Green finance is emerging as one of the most important tools for building a sustainable future, as climate risks increasingly shape economic decisions, business strategy and capital flows, speakers at the seminar “Green Finance Pathway: Switzerland and Liechtenstein’s expertise for Thailand’s Sustainable Future” said on Thursday.
The seminar, held at the Eastin Grand Hotel Phayathai in Bangkok, was co-hosted by the Royal Thai Embassy in Bern and Chulalongkorn Business School.
Chulamanee Chartsuwan, adviser to the Ministry of Foreign Affairs, said the transition to a low-carbon and climate-resilient economy will require far more capital than governments can provide alone. “Climate change is no longer just an environmental issue; it is also a financial one,” she said.
Chulamanee said green finance should be regarded as “an integral component of sound financial management” because it improves risk management, channels capital into sustainable investment and helps strengthen the long-term stability of economies and financial markets.
She said Thailand had already made progress through the Thailand Taxonomy and the growing issuance of green bonds and sustainability-linked bonds, reflecting the country’s effort to align financial flows with environmental and climate goals while pursuing economic growth alongside ESG principles.
For Tartat Mokkhamakkul, dean of Chulalongkorn Business School, green finance is no longer a side issue. “Sustainability is no longer a passing trend,” he said, adding that it has become a core driver of economic transformation.
In his view, green finance is helping reshape not only how economies grow, but also how risk is managed and how impact is created. He said sustainability must move beyond traditional CSR and be embedded in core business strategy, greener business models and long-term business transformation.
Speakers in the panel discussion, “Innovative Financial Products & Emerging Trends in Green Finance”, said the transition would succeed only if it was backed by credible planning, meaningful incentives and practical support.
Erol Bilecen, head of sustainable finance at the Swiss Bankers Association, warned that delay could prove more expensive than action. “It is costly to do the transition, but it can be even costlier to continue doing what you do so far,” he said.
He argued that companies need clear transition plans and milestones, while sustainability-linked bonds must be designed carefully so that incentives and penalties are strong enough to influence behaviour.
Bilecen also cautioned against viewing sustainability as a threat to the current economic system. Instead, he described it as “the logical step for the next development”, one that can open up new opportunities for growth.
He pointed to the energy sector as an example, saying the transition is not limited to renewable generation but extends to grid upgrades, storage and new business models as consumers increasingly become producers of power as well.

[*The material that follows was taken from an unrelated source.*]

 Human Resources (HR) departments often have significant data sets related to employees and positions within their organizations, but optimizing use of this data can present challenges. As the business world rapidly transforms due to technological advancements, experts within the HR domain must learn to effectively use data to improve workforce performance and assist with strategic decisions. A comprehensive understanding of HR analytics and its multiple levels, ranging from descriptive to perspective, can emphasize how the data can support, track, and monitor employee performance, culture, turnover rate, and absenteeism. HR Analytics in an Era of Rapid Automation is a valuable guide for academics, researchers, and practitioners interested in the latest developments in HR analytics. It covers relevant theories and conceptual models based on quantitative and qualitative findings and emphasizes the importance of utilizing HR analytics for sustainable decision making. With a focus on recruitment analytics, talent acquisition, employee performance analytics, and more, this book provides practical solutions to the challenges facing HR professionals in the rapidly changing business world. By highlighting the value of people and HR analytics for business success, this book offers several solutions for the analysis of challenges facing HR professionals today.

Karin Boonlertvanich, executive vice president of Kasikorn Bank, said financing alone cannot drive the shift, especially for smaller businesses. “Financing is the last one,” he said, explaining that companies first need awareness, knowledge, workable solutions and tools to measure their carbon emissions.

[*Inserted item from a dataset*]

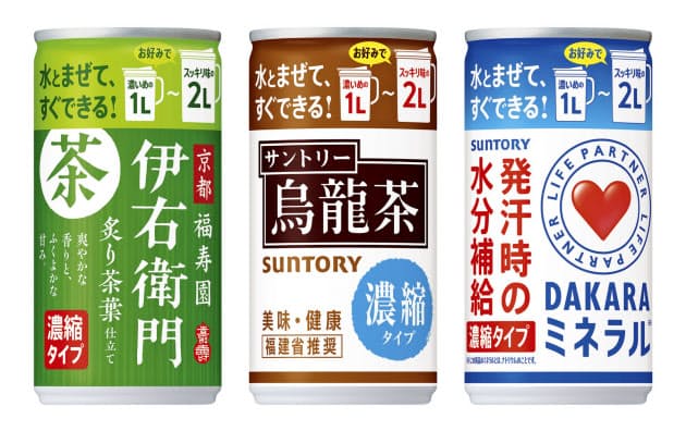 展開するのは緑茶「伊右衛門 炙り(あぶり)茶葉仕立て濃縮タイプ」、ウーロン茶「サントリー 烏龍茶 濃縮タイプ」、スポ…

He said many SMEs want green loans but still do not know their emissions baseline or how much they plan to reduce it, making transition tools and technical guidance just as important as funding itself.
He added that the transition can create broader business value, not just marginally better funding terms. Kasikorn Bank, he said, had already extended 200 billion baht in support and aims to raise that to 500 billion baht over the next five years across large corporates, SMEs and retail clients.
The goal, he said, is to help businesses become more efficient, more competitive and better prepared for a changing global economy.
Stefan Oehri, portfolio manager at LGT Capital Partners (Asia-Pacific), said the sustainable bond market had matured significantly, with stronger standards and more sophisticated investors.
He said investors now “look beyond the labels” and want evidence that green and sustainability-linked instruments are delivering impact that is measurable and clearly observable. In his view, transition finance will only gain credibility if outcomes are transparent and real.
The pathway described by speakers was pragmatic rather than absolute. Oehri said the market is moving towards a more realistic and science-based approach, recognising that decarbonisation will not happen at the same speed in every sector.
Heavy industries, for example, face a much harder path than consumer-facing sectors, meaning progress needs to be judged in context rather than through a one-size-fits-all model.
Karin said banks therefore need sector-by-sector “glide paths” to track how portfolio emissions fall year by year on the way to net zero by 2050. He said reducing carbon intensity does not necessarily mean cutting loan books, but shifting more lending towards greener activities over time.
He also argued that policy support should reward companies that are improving each year, rather than setting absolute hurdles that risk leaving many businesses behind.
Regulation was another key part of the pathway. Bilecen said long-term investments in renewable energy, storage and infrastructure require a reliable regulatory framework because projects such as power plants can run for 20 to 50 years.
Karin added that policymakers need a wider mix of instruments, including bonds, bank loans, grants and blended finance, so that each transition project can be matched with the right kind of funding.
Overall, the seminar’s message was clear: green finance is no longer a niche ESG product or a branding exercise. It is becoming a central mechanism for mobilising capital, managing climate risk and helping economies move towards a more sustainable future.
With clear standards, credible transition plans, better tools and supportive policy, speakers said green finance can turn climate ambition into practical economic progress.